I took a 6 day vodka and cocaine bender. “I felt indestructible… but I was on the fast track to death,” says Robbie Williams

ROBBIE Williams has revealed he went on a SIX-DAY binge at the height of his drinking and went without sleep for a staggering 144 hours.
The star also vomited “black bile,” fueled by a cocktail of vodka, cocaine and “everything I could get my hands on.” . . but he continued his intoxication.
He now believes he was just hours away from death after the relentless stay in France in 1996.
In the second part of our exclusive interview, Robbie, 49, recalled: “I thought I could snort the most, take the most pills, drink the most and I thought that was a superpower at the time.”
“I didn’t know that this was my quick route to death. You feel like you’re indestructible, I didn’t feel like I was going to die. Only in retrospect do I realize that I was close.

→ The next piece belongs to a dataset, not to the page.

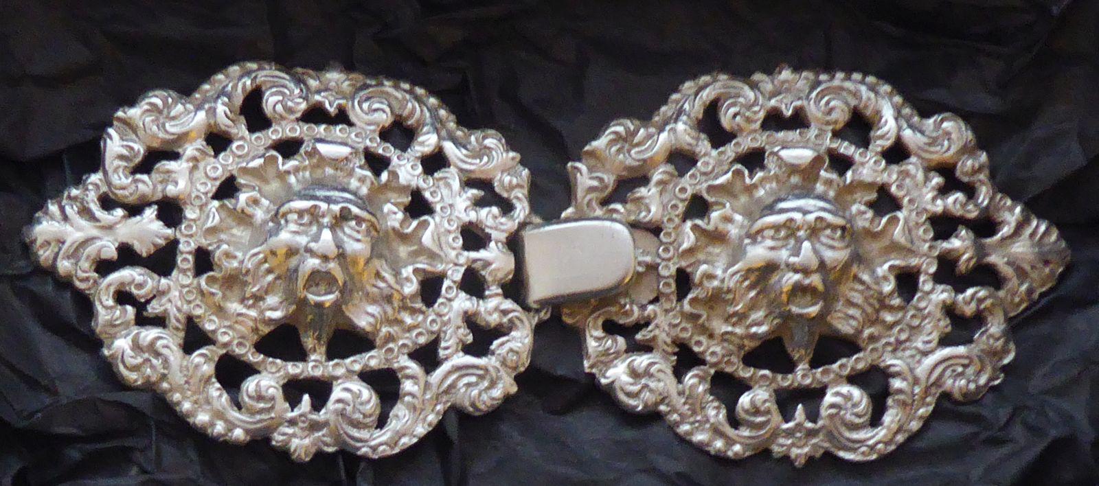 Victorian Solid Silver Nurses Cape Buckle Clasp Green Man Design 47g

“I stayed awake for six days. I was with someone who was doing business with the dealers and it was a six-day argument that happened very quickly.”
The effects of deprivation are well documented. Symptoms include irritability and cognitive rigidity, where individuals can only think about things in a certain way.
“I was confused most of the time”
Other side effects include loss of motivation, increased blood pressure, paranoia, memory problems, mood swings, vision problems, hallucinations, and difficulty speaking.
Guinness World Records stopped accepting sleep deprivation entries in 1997 for health reasons, but the world record at that point stood at more than 18 days.
Last night, ahead of the premiere of his brilliant new four-part Netflix documentary, Robbie admitted his former Take That bandmates were aware of his partying activities – and worried.
He left the band in 1995.
During the documentary he admits to drinking a bottle of vodka the day before rehearsals.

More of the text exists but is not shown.